Available data
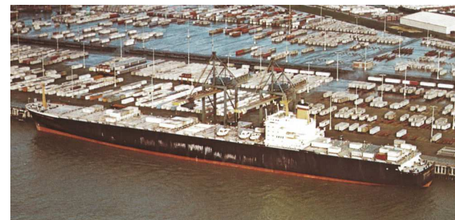
„Hongkong Express“ Foto (~ 1973); Prospekt Bremer Vulkan

Schwesterschiffe: "Bremen Express" (Bau-Nr. 977)
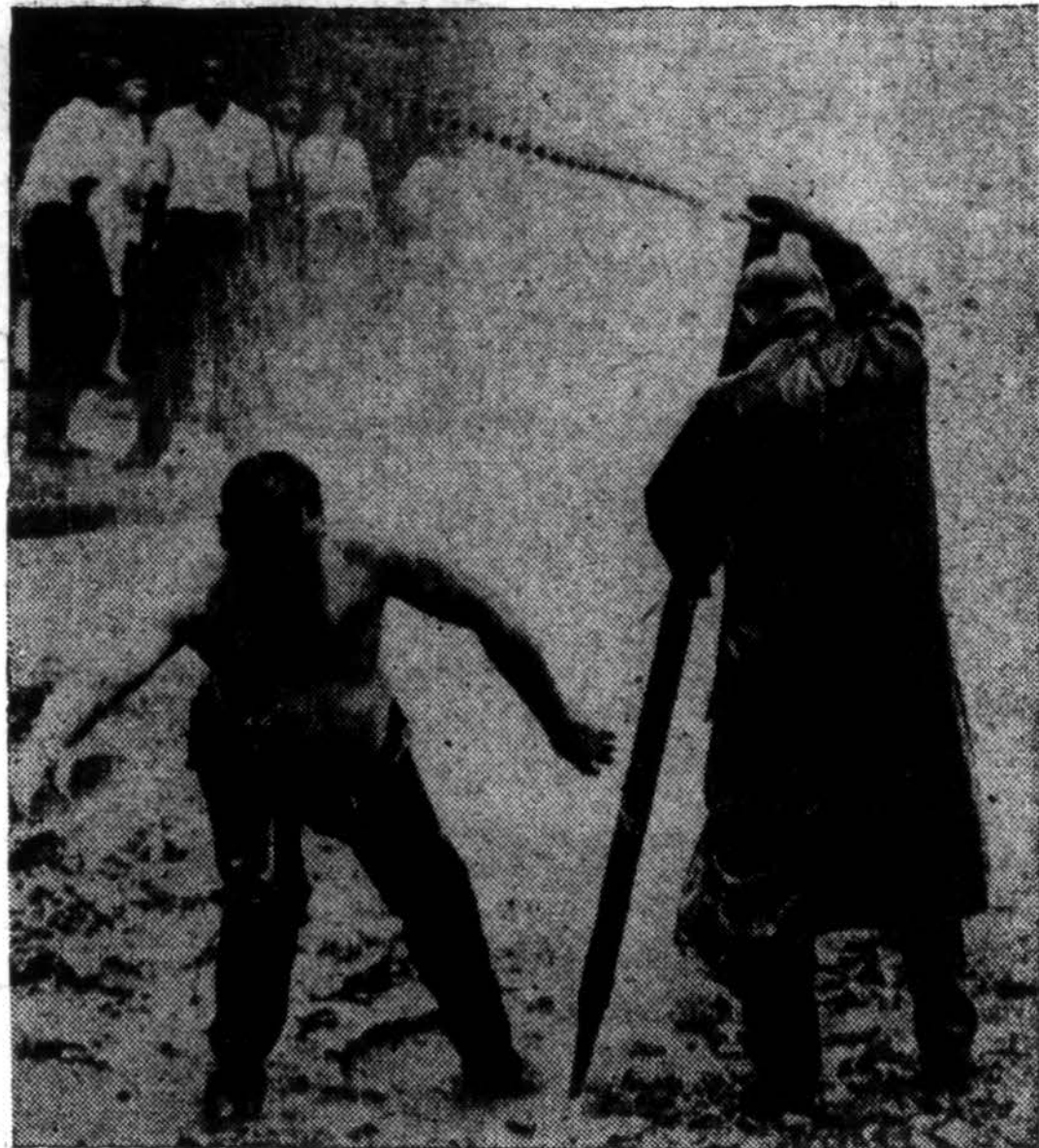
Kai Philadelphiaje, vienoje gatvėje, vanduo veržės, tai vandens biuro darbininkas koja sulaiškė vandenį.
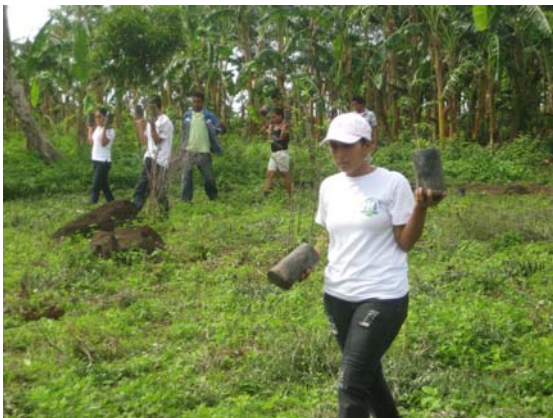
Golfo de Fonseca (CODDEFFAGOLF).

Ano 2010 - 2011: “Redución da vulnerabilidade alimentaria e uso racional dos recursos naturais na micro-cunca do río Laure, Honduras” (monto asignado 349.464 €) Subvencionado pola Dirección Xeral de Relacións Exteriores e coa Unión Europea:
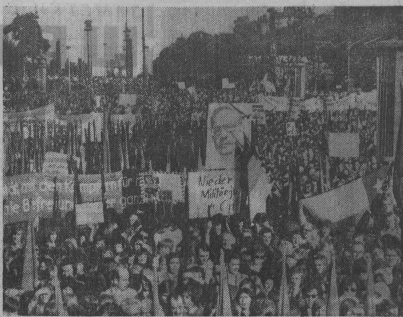
Демонстрация в Дрездене (ГДР).

В то время, когда генералы обрушивают на чилийский народ невиданные бедствия и страдания, в штаб-квартирах американских многокорпоративных компаний, корпорации «Интернэшнл телефон энд телеграф», которые были выдворены из Чили правительством Народного единства, царит, по словам газеты «Нью-Йорк пост», атмосфера ликования. Там готовятся к возвращению в Чили, к тому, чтобы снова прибрать к своим рукам чилийские природные богатства и беспрепятственно эксплуатировать чилийский народ. Иностранному капиталу, торопятся заверить главарей хунты своих покровителей, в Чили будет открыто самое широкое поле деятельности. Хунта уже приступила к передаче предприятий, национализированных правительством Народного единства или втянутых под рабочий контроль, их бывшим владельцам — магнатам чилийского капитала. Ожидается возвращения в свои поместья и чилийские латиноамериканцы, землевладельцы, которых были переданы крестьянам в соответствии с осуществленной народным правительством аграрной реформой.
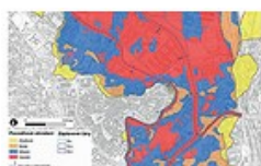
Obr. 2 Příklad mapy ohrožení

Výsledné maximální hodnoty ohrožení se zobrazují pomocí barevné škály (tab.2) do mapy ohrožení (obr. 2). Záplavové území je tak rozčleněno z hlediska povodňového ohrožení. Toto členění umožňuje posouzení vhodnosti stávajícího nebo budoucího funkčního využití ploch a doporučení na omezení případných aktivit na plochách v záplavovém území s vyšší mírou ohrožení (viz tab. 2).

What is needed
Retype the data above exactly. Leave the pictures out.

Your solution
„Hongkong Express“ Foto (~ 1973); Prospekt Bremer Vulkan

Schwesterschiffe: "Bremen Express" (Bau-Nr. 977)
Kai Philadelphiaje, vienoje gatvėje, vanduo veržės, tai vandens biuro darbininkas koja sulaiškė vandenį.
Golfo de Fonseca (CODDEFFAGOLF).

Ano 2010 - 2011: “Redución da vulnerabilidade alimentaria e uso racional dos recursos naturais na micro-cunca do río Laure, Honduras” (monto asignado 349.464 €) Subvencionado pola Dirección Xeral de Relacións Exteriores e coa Unión Europea:
Демонстрация в Дрездене (ГДР).

В то время, когда генералы обрушивают на чилийский народ невиданные бедствия и страдания, в штаб-квартирах американских многокорпоративных компаний, корпорации «Интернэшнл телефон энд телеграф», которые были выдворены из Чили правительством Народного единства, царит, по словам газеты «Нью-Йорк пост», атмосфера ликования. Там готовятся к возвращению в Чили, к тому, чтобы снова прибрать к своим рукам чилийские природные богатства и беспрепятственно эксплуатировать чилийский народ. Иностранному капиталу, торопятся заверить главарей хунты своих покровителей, в Чили будет открыто самое широкое поле деятельности. Хунта уже приступила к передаче предприятий, национализированных правительством Народного единства или втянутых под рабочий контроль, их бывшим владельцам — магнатам чилийского капитала. Ожидается возвращения в свои поместья и чилийские латиноамериканцы, землевладельцы, которых были переданы крестьянам в соответствии с осуществленной народным правительством аграрной реформой.
Obr. 2 Příklad mapy ohrožení

Výsledné maximální hodnoty ohrožení se zobrazují pomocí barevné škály (tab.2) do mapy ohrožení (obr. 2). Záplavové území je tak rozčleněno z hlediska povodňového ohrožení. Toto členění umožňuje posouzení vhodnosti stávajícího nebo budoucího funkčního využití ploch a doporučení na omezení případných aktivit na plochách v záplavovém území s vyšší mírou ohrožení (viz tab. 2).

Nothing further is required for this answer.